They then ran an optimization: shift charging away from feeder peak hours in 1-hour increments within a defined “flexibility window,” while still delivering the energy trucks need by morning.

Here are the headline results that utility planners and fleet operators should care about:

  • Shifting just 1 MW away from peak by several hours on the limited days required allowed most constrained feeders to support ~10 more heavy-duty trucks.
  • Expanding the flexibility window from 2 hours to 6 hours increased the median additional trucks per feeder dramatically:
    • Regional trucks: from 3 to 22
    • Urban trucks: from 9 to 64
  • Across PG&E territory, that scales to:
    • 8,000–41,000 extra regional trucks
    • 22,000–112,000 extra urban trucks

These aren’t “marketing numbers.” They’re engineering-adjacent outputs from constraint-based scheduling against real feeder peaks.

When the grid actually needs flexibility

In Northern California (and much of the US), the tough window is familiar: 4–9 p.m. in summer, when solar output falls and residential load rises.

A striking result from the modeling: for about 60% of feeders, a simple two-hour flexibility requirement would only be triggered during July. That means fleets would operate normally most of the year, with occasional, predictable “don’t charge hard right now” constraints during a handful of peak days.

For agriculture, this resembles irrigation demand management: you don’t stop pumping all season—you adjust during the few hours that stress the system.

Will load shifting mess up fleet (or farm) operations? Usually, no

Most heavy-duty trucks driving under ~300 miles/day are parked at the depot roughly from 4 p.m. to 5 a.m. That parking window overlaps the peak grid hours—and extends well beyond them.

RMI’s earlier work also found that, on average, California heavy-duty trucks can meet daily charging needs using less than half of their depot dwell time at 75 kW charging power (and many depots install higher power).

Put simply: there’s slack in the schedule. That slack is what flexible service connections monetize.

Managed charging is the real enabler (and it’s software-first)

If you’re picturing dispatchers manually turning chargers on and off, you’re overthinking it. The operational requirement is typically:

  • set a charging completion target (e.g., “all trucks ready by 5 a.m.”),
  • define a maximum site kW limit during constrained hours, and
  • let an optimizer schedule which vehicles charge when.

That optimizer can be rule-based, but the best results come from AI-driven forecasting that accounts for uncertainty:

  • route variability,
  • arrival times,
  • battery state-of-charge,
  • ambient temperature impacts, and
  • feeder constraints that shift by season and local load.

For fleets serving agricultural supply chains—grain hauling, dairy logistics, cold storage—this is directly applicable. The “vehicle” could also be an electrified refrigeration unit or an irrigation pump. The control logic is the same: hit an energy target by a deadline while respecting a grid limit.

What about atypical schedules? Use batteries (strategically)

Not every fleet parks overnight. Some run late shifts, some do mid-day returns, some need rapid turnarounds.

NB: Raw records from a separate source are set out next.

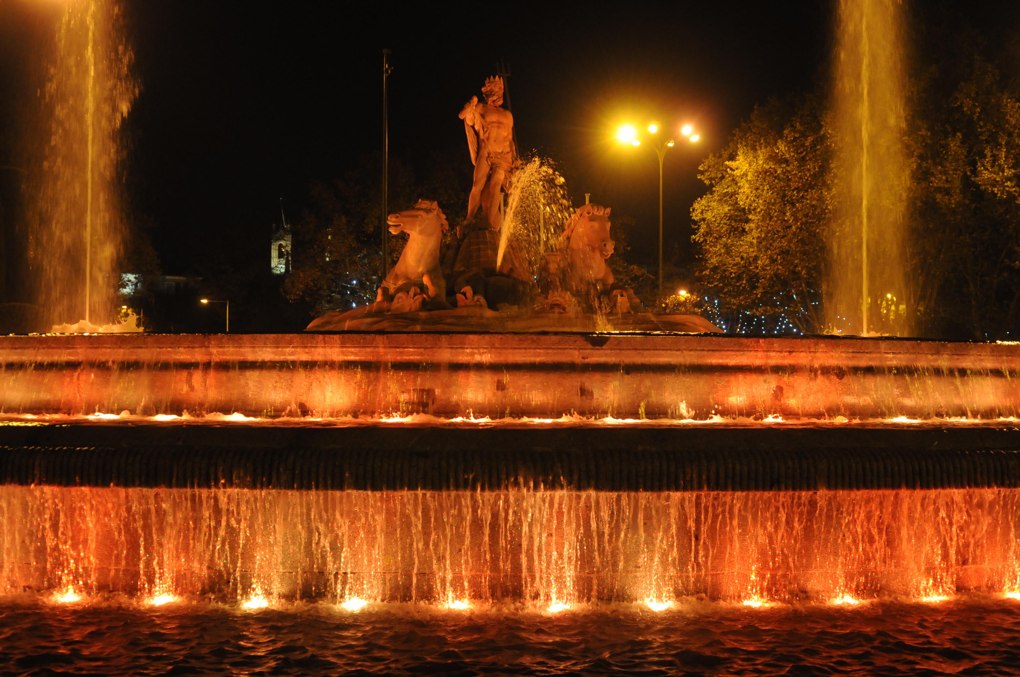Tres de las fuentes más emblemáticas de la ciudad, Neptuno, la situada en la plaza del emperador Carlos V y la de Isabel la Católica cuentan con una iluminación más eficiente con la nueva instalación LED. El cambio forma parte del proyecto de acondicionamiento de fuentes e instalaciones hidráulicas para alcanzar un mayor ahorro energético. A estas tres fuentes, ubicadas en el eje Prado-Recoletos, se suma el acondicionamiento de seis fuentes a las que se ha dotado de agua potable. También se ha procedido al aprovechamiento de agua de las capas freáticas de pasos subterráneos, estaciones de metro y líneas de cercanías. En el proyecto se han invertido 318.287 euros procedentes del remanente de tesorería del 2013.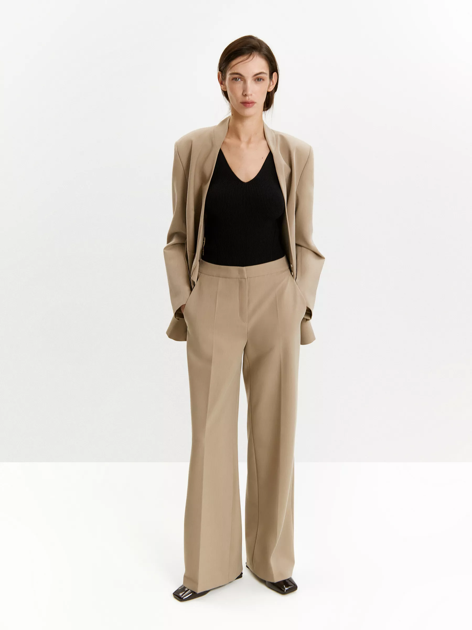 Брюки в офис или на выход в очень элегантном оттенке бежевого помогут всегда выглядеть стильно.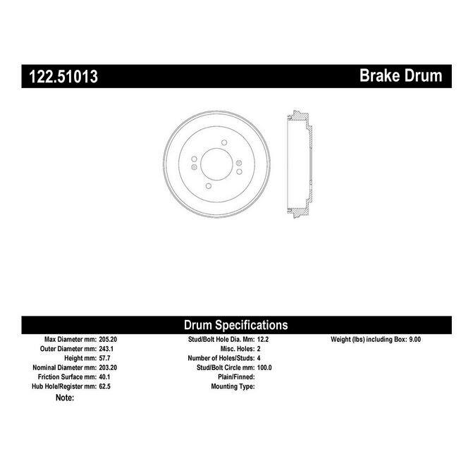 • Centric Premium brake drums feature Original Equipment specifications and production processes guaranteeing proper fitment and superior performance and quality. Centric premium drums utilize either an Electrocoating finish or O.E. style painted finish for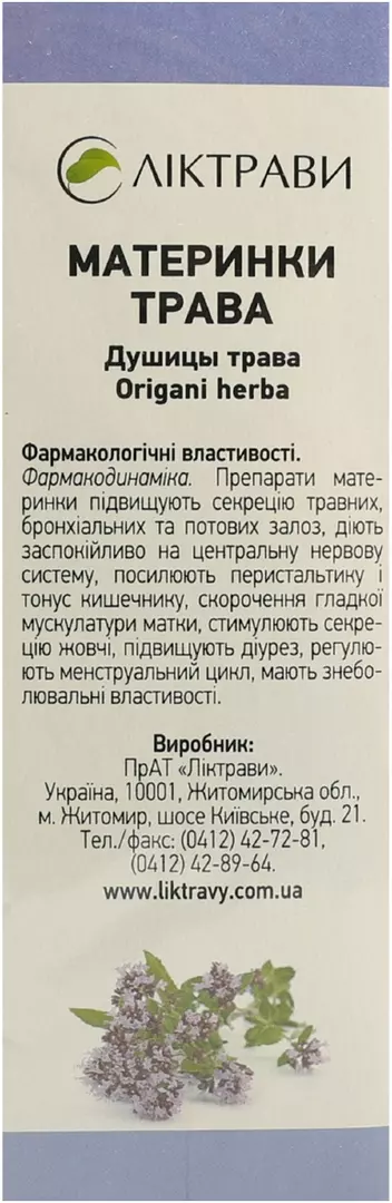 Фармакотерапевтична група. Препарати, що застосовуються при кашлі та застудних захворюваннях. Відхаркувальні засоби. Код АТХ R05C А. Фармакологічні властивості.Препарати материнки підвищують секрецію травних, бронхіальних та потових залоз, діють заспокійливо на центральну нервову систему, посилюють перистальтику і тонус кишечнику, скорочення гладкої мускулатури матки, стимулюють секрецію жовчі, підвищують діурез, регулюють менструальний цикл, мають знеболювальні властивості.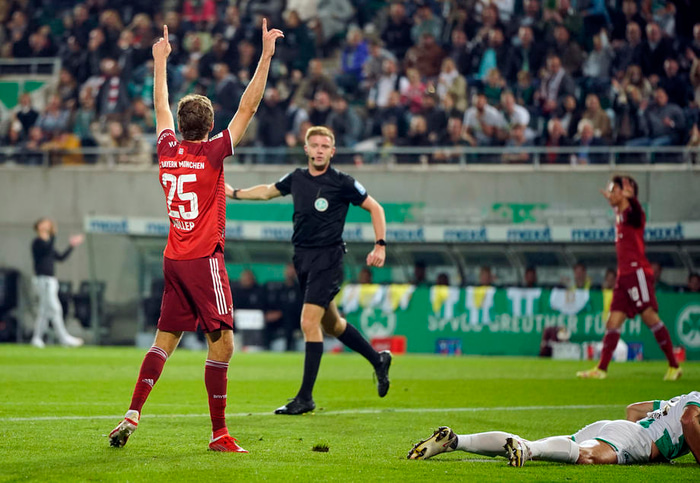 Þýski landsliðsmaðurinn Thomas Müller náði merkum áfanga í gær er hann skoraði fyrsta mark Bayern München í 3-1 sigri á nýliðum Greuther Fürth.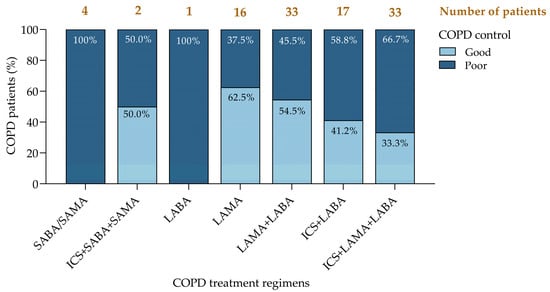 The treatment regimen of COPD patients showed a tendency related with the degree of disease control (Figure 3). Long-acting beta-agonist (LABA), dual bronchodilation (LABA plus long-acting muscarinic antagonist [LAMA]), and inhaled corticosteroid (ICS) regimens showed the highest association with poor disease control probably reflecting a subgroup of patients with more severe diseases or more frequent exacerbations (Figure 3). Similarly, SABA or SAMA in monotherapy was associated with 100% poor control, highlighting its inadequacy for achieving proper disease management. In contrast, the LAMA treatment as a monotherapy showed the lowest proportion of poor control (37.5%), suggesting its effectiveness in patients with less severe diseases or with specific phenotypic profiles (Figure 3).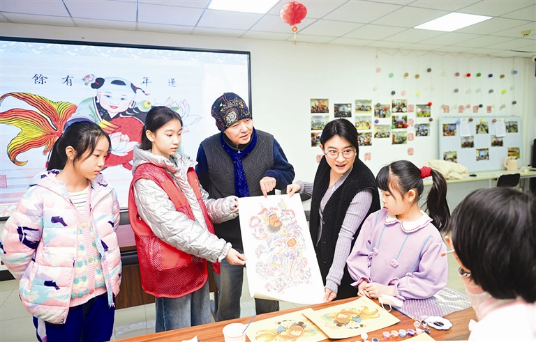 为丰富辖区青少年寒假精神文化生活,让青少年近距离感受传统民俗艺术魅力,近日,南开区万兴街华章里社区依托“五爱”教育阵地,开展2026年寒假冬令营第一期主题实践活动,邀请辖区青少年动手为杨柳青年画着色,在笔墨彩绘中感受民俗年味,体验传统艺术的独特韵味。活动伊始,到场的专业老师向青少年细致介绍杨柳青年画的起源历史、艺术特色、题材寓意与制作流程,从线条勾勒、色彩搭配到人物造型,结合经典年画作品,让孩子们直观了解“吉庆有余”“福寿双全”等经典题材背后的吉祥寓意,激发孩子对传统民俗艺术的探索兴趣。在手绘创作环节,社区为孩子准备了杨柳青年画拓印底稿、画笔与水彩颜料,专业老师现场手把手开展教学,结合底稿讲解色彩搭配要点与上色技巧,示范均匀填色、晕染过渡的基本方法。老师耐心指导每一位孩子执笔、填色,纠正涂色手法,鼓励大家在尊重传统样式的基础上大胆搭配色彩,完成属于自己的年画作品。

When flexibility windows conflict with operations, on-site battery storage becomes the buffer:

  • charge the battery off-peak,
  • discharge during constrained peak hours,
  • keep trucks charging without exceeding the feeder limit.

For farms, this is also familiar: storage turns intermittent cheap power (or on-site solar) into firm capacity during the hours the utility cares about.

How utilities operationalize flexible connections: the PG&E pattern

PG&E’s FlexConnect program is the clearest example of “real life” implementation at scale. The key operational element is visibility—the utility uses grid monitoring and informs participants day-ahead when constraints are expected.

A real-world proof point cited: PepsiCo added ~20 additional electric trucks on regional-haul routes by using this approach—consistent with the modeled additional-truck ranges.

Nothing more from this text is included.